# Aim of the exercise
Only the lines below from the one containing "- Geschiedenis: bestaat" through the one containing "Hakiki Deri Anatomik" belong in the answer, repeated exactly and without pictures.

# Recorded information
+ + + +
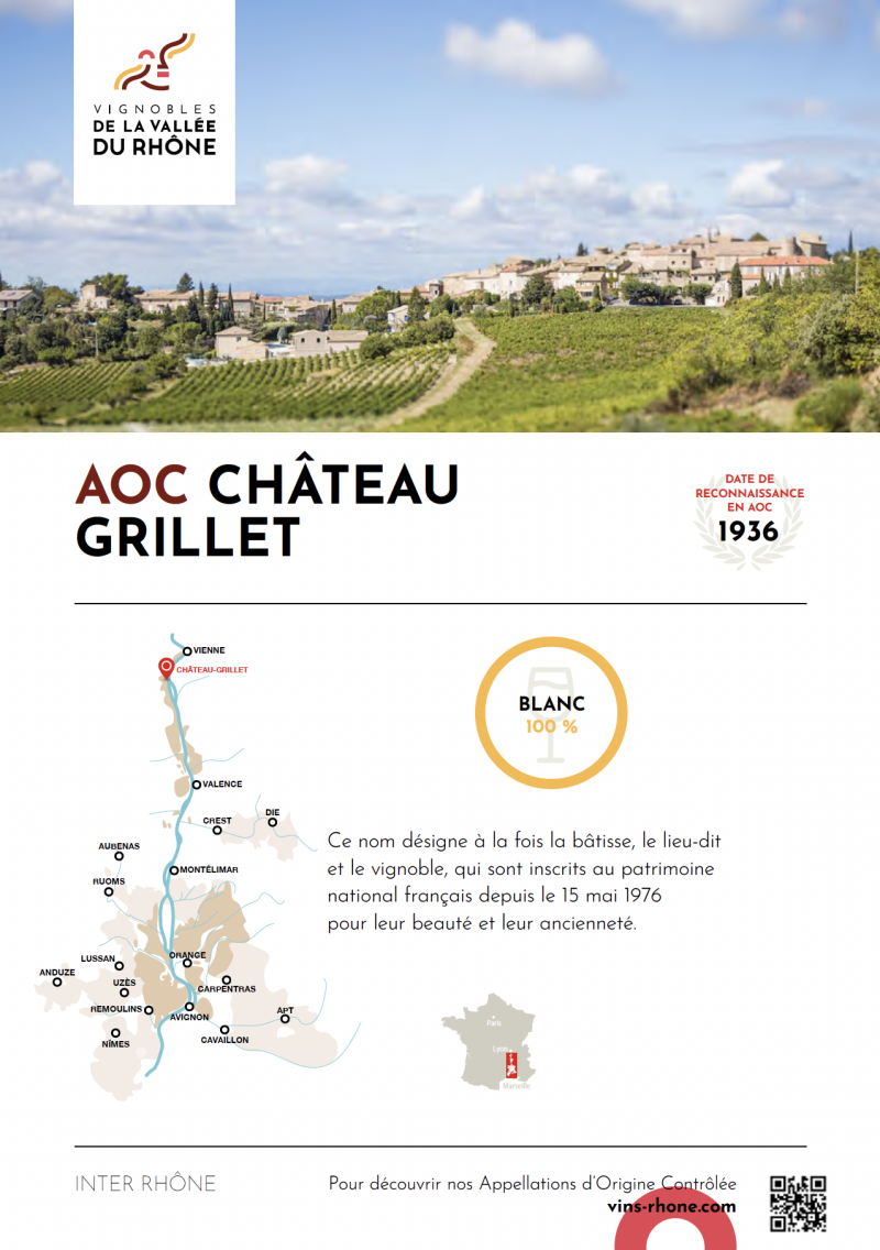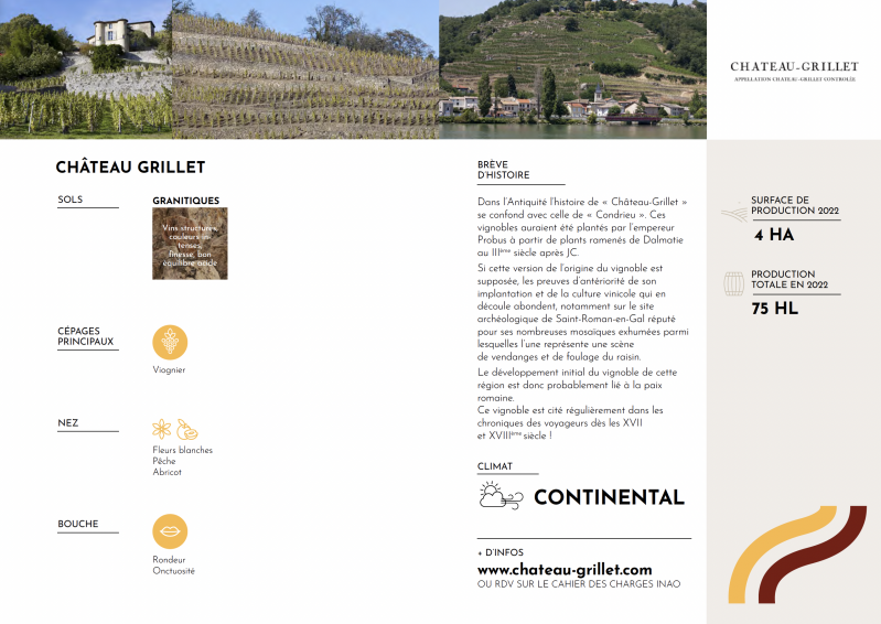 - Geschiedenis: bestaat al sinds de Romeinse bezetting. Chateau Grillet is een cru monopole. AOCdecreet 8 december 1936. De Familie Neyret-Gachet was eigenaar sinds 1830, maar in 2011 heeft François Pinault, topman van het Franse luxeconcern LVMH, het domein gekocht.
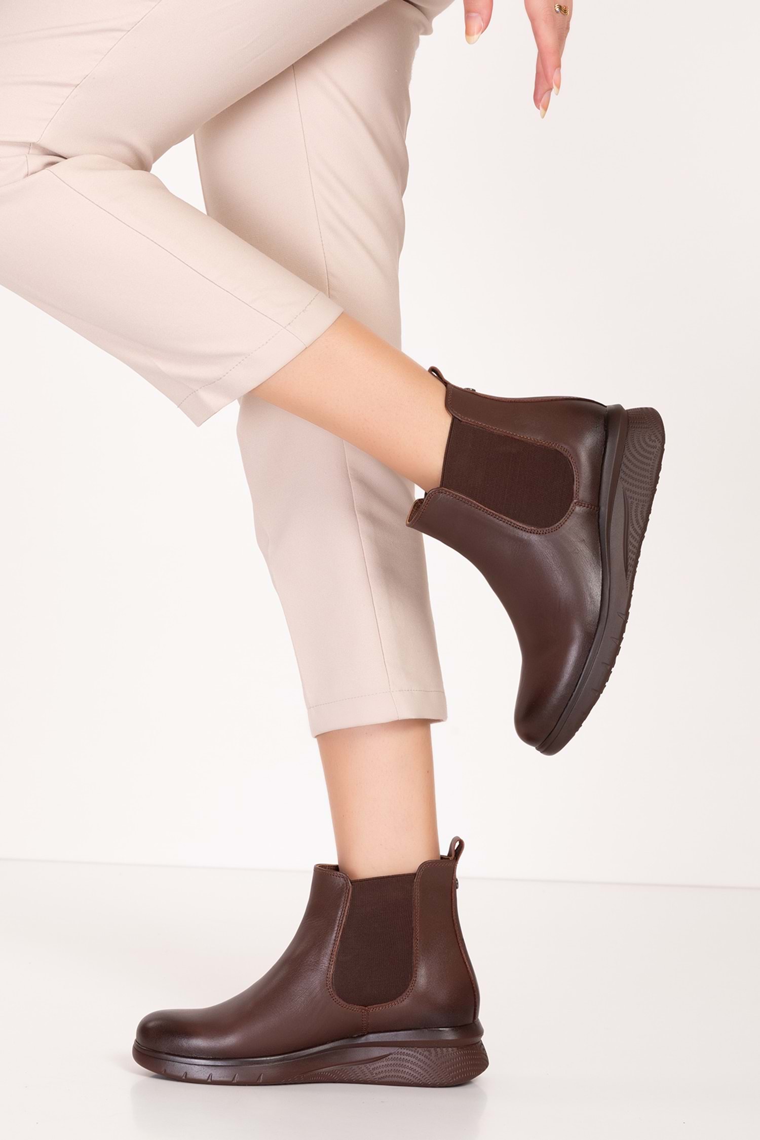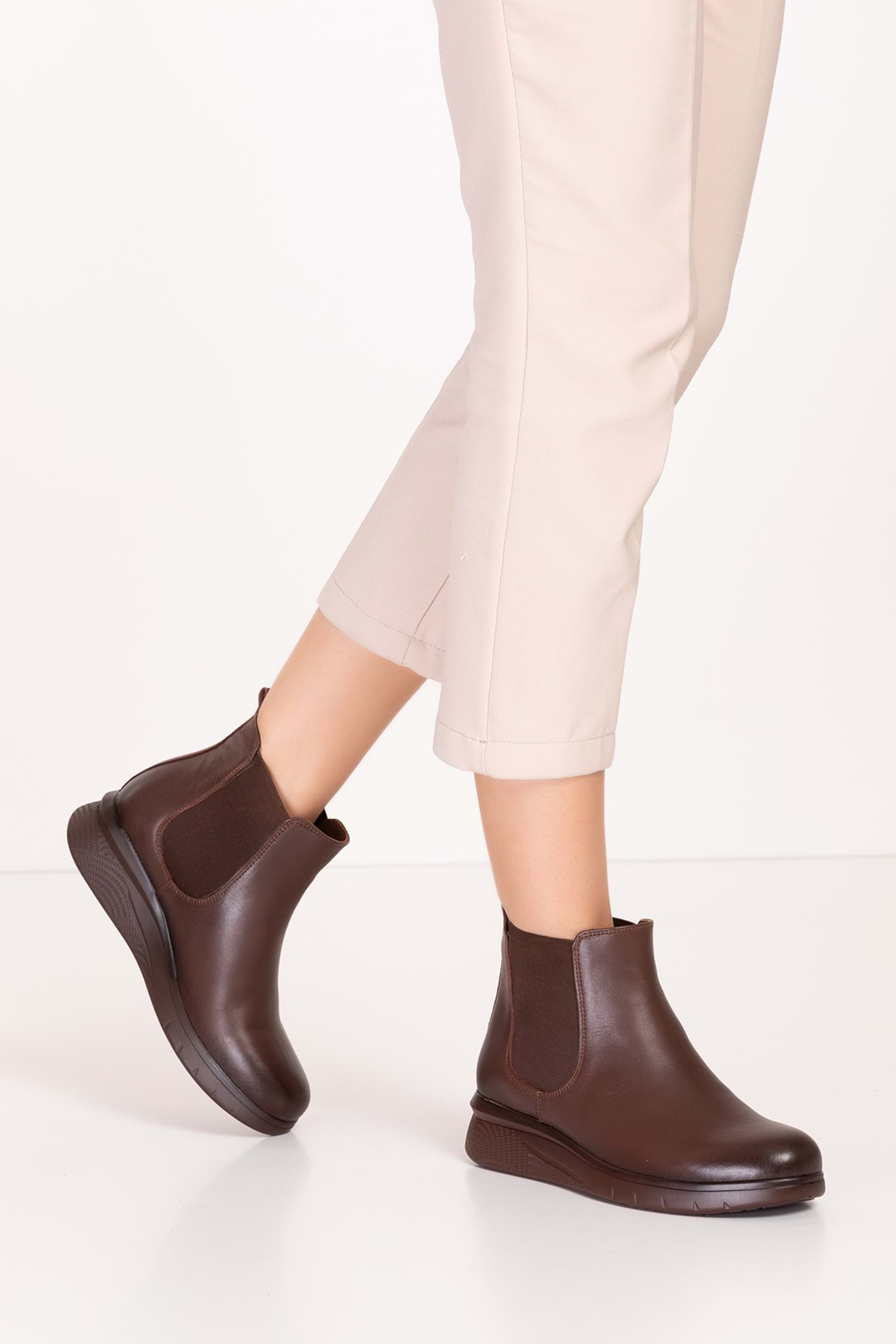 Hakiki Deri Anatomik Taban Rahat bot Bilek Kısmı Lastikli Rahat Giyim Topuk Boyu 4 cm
+ + + +
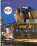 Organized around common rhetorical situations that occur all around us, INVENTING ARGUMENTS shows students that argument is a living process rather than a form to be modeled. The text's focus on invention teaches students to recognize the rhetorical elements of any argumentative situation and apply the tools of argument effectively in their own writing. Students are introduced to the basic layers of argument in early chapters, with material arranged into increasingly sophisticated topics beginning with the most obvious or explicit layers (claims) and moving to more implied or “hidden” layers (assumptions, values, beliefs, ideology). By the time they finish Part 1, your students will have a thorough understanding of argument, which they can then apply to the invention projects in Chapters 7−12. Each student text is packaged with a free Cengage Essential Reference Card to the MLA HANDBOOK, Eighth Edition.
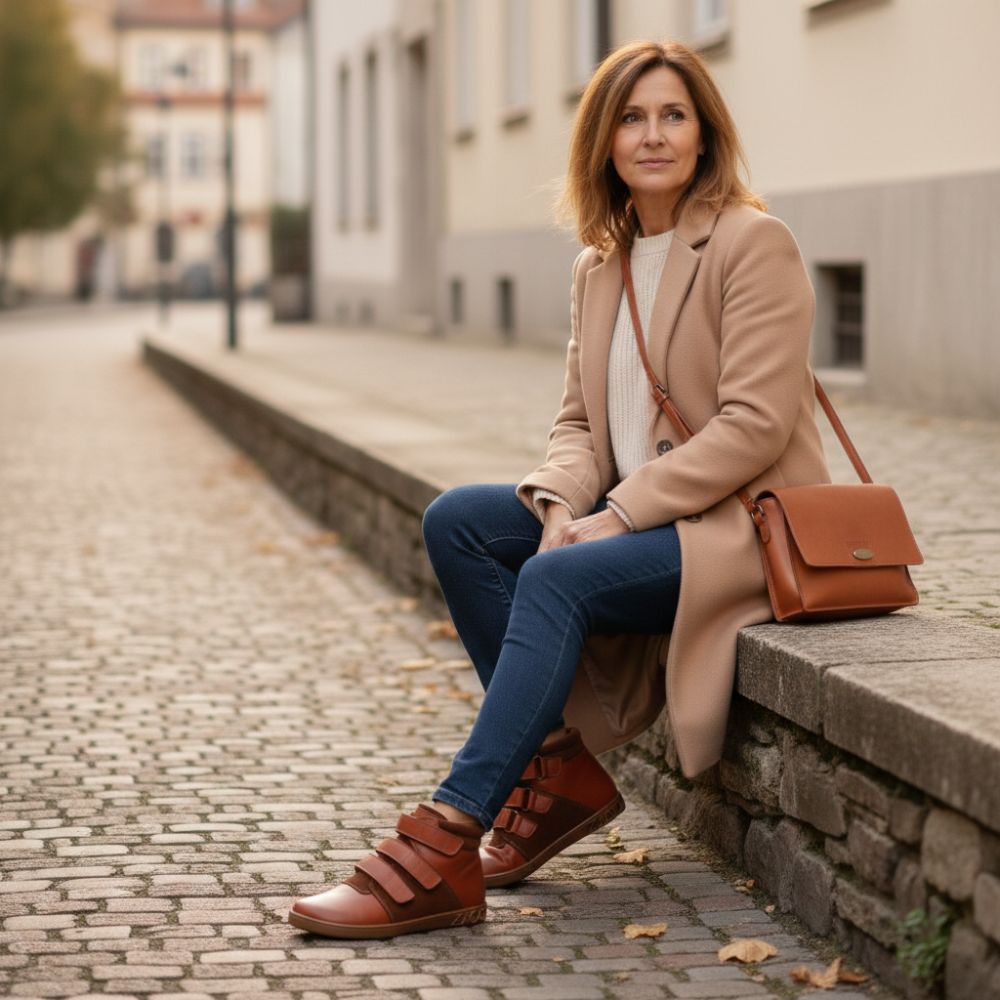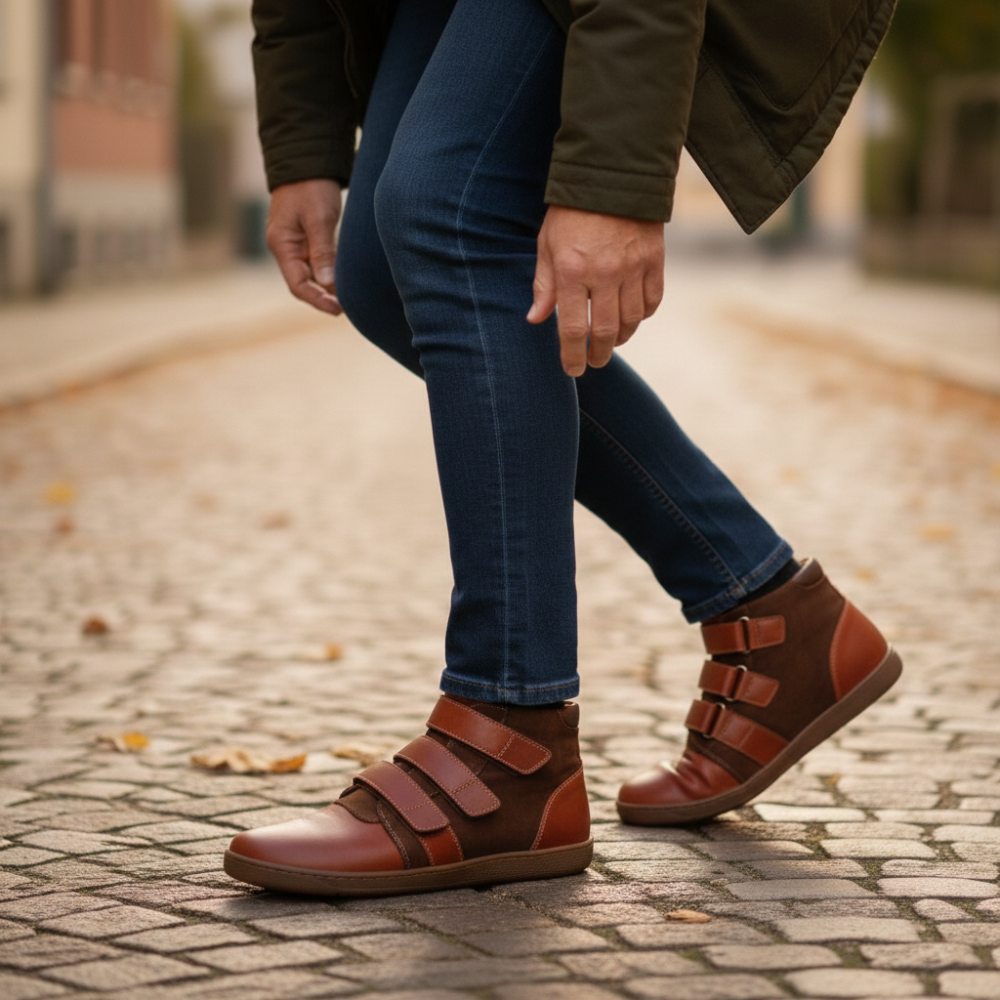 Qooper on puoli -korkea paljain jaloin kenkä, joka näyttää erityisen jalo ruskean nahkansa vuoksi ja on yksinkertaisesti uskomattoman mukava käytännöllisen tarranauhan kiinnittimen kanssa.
+ + + +
# Answer below
 - Geschiedenis: bestaat al sinds de Romeinse bezetting. Chateau Grillet is een cru monopole. AOCdecreet 8 december 1936. De Familie Neyret-Gachet was eigenaar sinds 1830, maar in 2011 heeft François Pinault, topman van het Franse luxeconcern LVMH, het domein gekocht.
 Hakiki Deri Anatomik Taban Rahat bot Bilek Kısmı Lastikli Rahat Giyim Topuk Boyu 4 cm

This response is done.